El niño todavía no se acuerda en qué momento decidió escalar la montaña, pero siempre recordará el camino que siguió.
Era descaradamente cuesta arriba, aunque de vez en cuando hacía un guiño al caminante con un tramo plano. Se notaba que era obra de Nuestra Señor, pues al igual que este, apretaba pero no ahogaba. O eso decían, pues a pesar de su espléndida forma de niño deportista, no podía respirar sin parecer un perro sediento. Cuando miraba a lo alto, parecía que cada vez quedaba más para llegar a la cima. Miraba para atrás, esperando encontrar consuelo en las vistas, que ahora, entre jadeos, no parecían bonitas, no parecían nada. Miraba y veía árboles con colores del otoño. Había pocas nubes y daba mucho el sol, más de lo que había planeado. Otro día hubiera agradecido los rayos que le daban suavemente en la cara, pero ese día unos inoportunos goterones de sudor bajaban por su frente. Con cuidado de no meter el pie en ninguna de las madrigueras que habían construido, sin pedir permiso a nadie, los conejos; pues sin ojo arquitectónico invadían el camino, que ya de por sí estaba lleno de obstáculos. Agradecía las retamas, que hacían las veces de barandilla, no van a ser malas todas las cosas que se iba encontrando. Para añadir emoción, llegaron las piedras sueltas, esas en las que un paso en falso movían y caían rodando cuesta abajo y recordaban al niño lo fácil que era bajar con los pies por delante.

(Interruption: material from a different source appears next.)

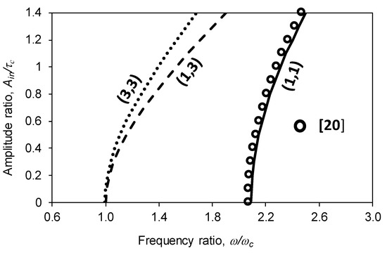 Figure 2 shows the amplitude ratio of the nonlinear symmetric panel plotted against the frequency ratio for various panel resonances. Note that the wall is rigid. Obviously, the first three frequency ratios are monotonically increasing with the amplitude ratio. The first resonant frequency ratio (the solid line) is compared with a set of circles obtained from [20]. The first resonant frequency ratios obtained from the proposed method and the finite element method agree reasonably well with each other. When the amplitude ratio = 0, the higher mode resonant frequency ratios (i.e., (1,3) and (3,3) modes) are close to one, and the first resonant frequency ratio is much higher. It is implied that the higher mode resonant frequencies are not significantly affected by the air cavity stiffness. The slope of the solid line is deeper than those of the dashed and dotted lines, which represent the (1,3) and (3,3) mode frequency ratios. This implies that the higher mode resonant frequency ratios are more sensitive to the vibration amplitude. Figure 3 shows the amplitude ratio plotted against the first resonant frequency ratio for various thickness ratios (i.e., the ratio of wall thickness to nonlinear panel thickness, τo/τc). Note that the nonlinear symmetric panel thickness is kept unchanged. When the wall is thicker, the overall cavity stiffness is stronger. This explains why the line of τo/τc = 8 is the farthest to the right. This implies that the resonant frequency and the stiffness in this case are the highest among them. Interestingly, all these lines look quite parallel to each other. For Ain/τc = 0, the frequency ratio difference between the cases of τo/τc = 2.5 and 8 is about 7.2%; for Ain/τc = 1.4, the frequency ratio difference between the cases of τo/τc = 2.5; 8 is also about 7.2%.

Buscaba una sombra en la que refugiarse, pero parecía que los árboles se habían quedado a los pies de la montaña; les había dado pereza subir y el niño lo entendió perfectamente. Sólo unos valientes arbustos habían sido intrépidos y retorcían sus ramas de la manera más original para estar en equilibrio en la empinada ladera. Según se acercaba a la cima, había menos obstáculos pero era la senda más empinada. En algún momento tuvo que ir a cuatro patas, se agarraba fuerte con los puños a la tierra y no miraba a ningún otro lado que no fuera el suelo, por no caer. La concentración era tal que no se dio cuenta cuando había llegada al pico.

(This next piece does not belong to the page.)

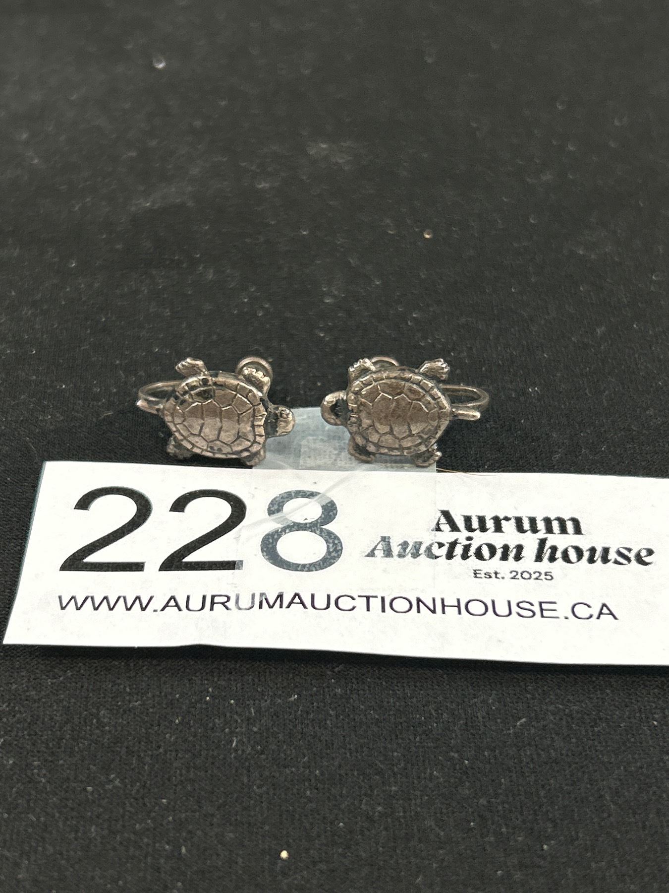 Genuine Antique Sterling Turtle Earrings Marked Sterling

Después de las horas agónicas, que parecieron muchas más que las que de verdad fueron (el tiempo sabe cómo hacer que se alarguen los minutos sólo cuando uno sufre) había llegado al punto más alto. Había llegado a la vez que muchos otros que habían seguido cada uno su camino. Le tranquilizó más haber acabado que las vistas, en las que los demás se regodeaban. Después de unos momentos de descanso, pudo, por fin, apreciarlas como es debido. Pero siendo sincero, todavía no sabía si compensaba la subida, pues vistas bonitas hay también al nivel del mar. A la hora en la que las sombras de la montaña se parecen azules, precediendo la puesta de sol y sus tonos naranjas, vio que, estando más cerca del sol, los atardeceres son diferentes. Ni mejores ni peores, diferentes.

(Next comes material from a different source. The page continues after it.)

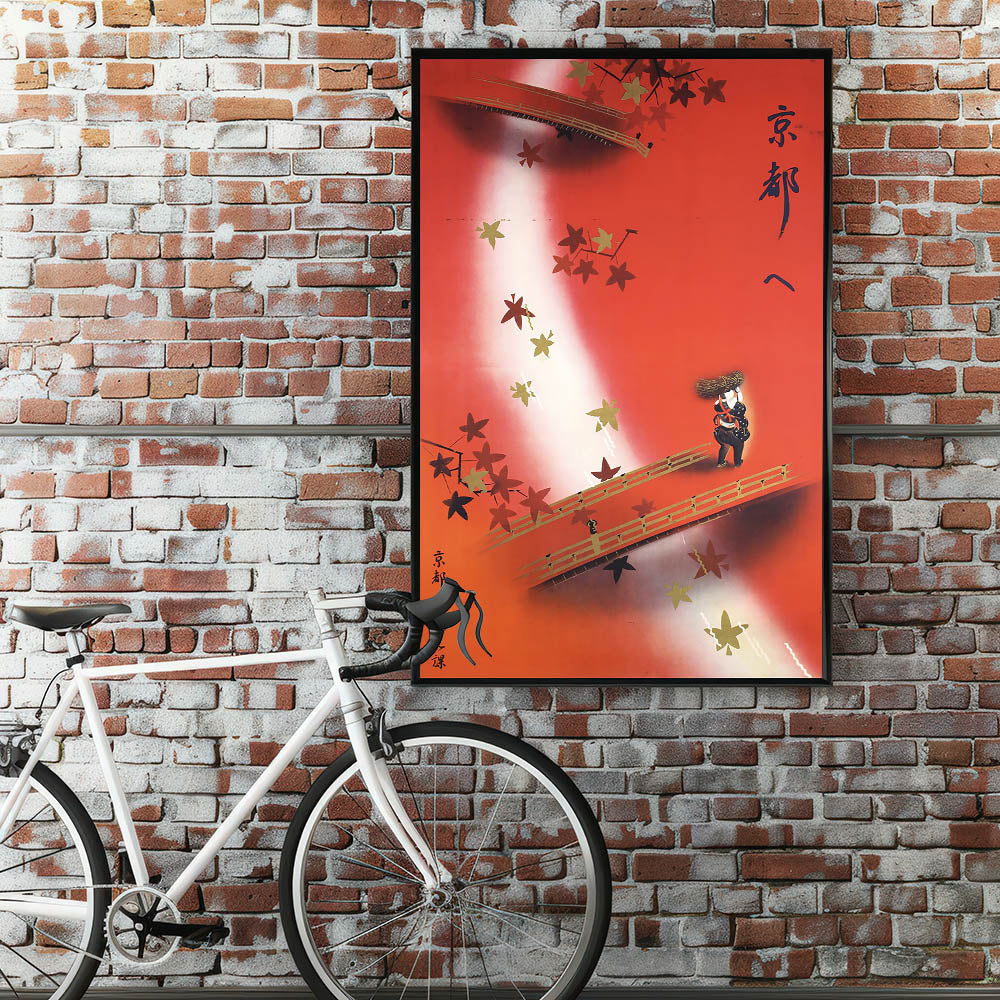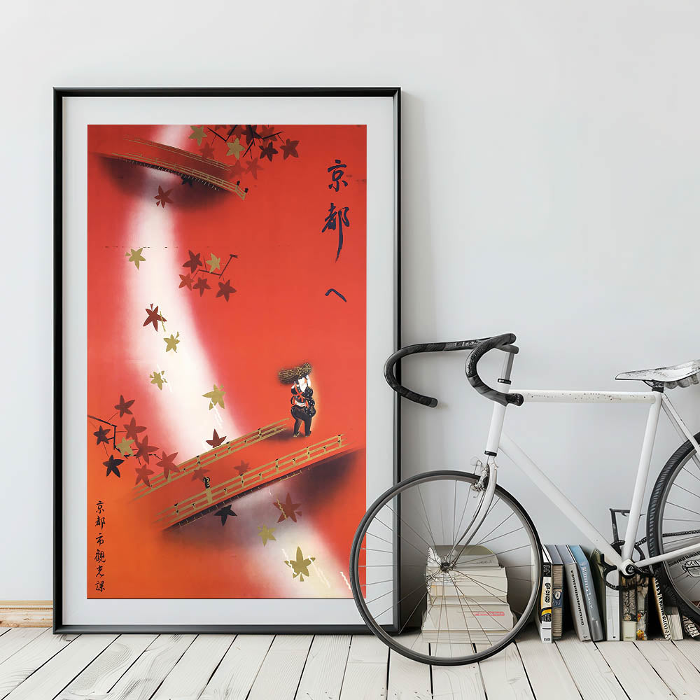 Vintage Kyoto Travel Poster – Retro Japanese Autumn Bridge Art

El camino que siguió el niño para subir la montaña, no fue el más fácil ni el más corto aunque tampoco, os diré, que fue ni el más peligroso ni el más largo. Él no lo eligió, subió por el que subió, sin cuestionarse su suerte, sin mirar por el que subía otro. Sin preocuparse por otra cosa que no fuera subir. Porque de eso se trataba, de subir la montaña, de llegar a la cima. Daba igual el cómo y el porqué; la mayoría de las veces da igual. Da igual si compensa o no compensa, da igual todo. Porque sólo importa subir.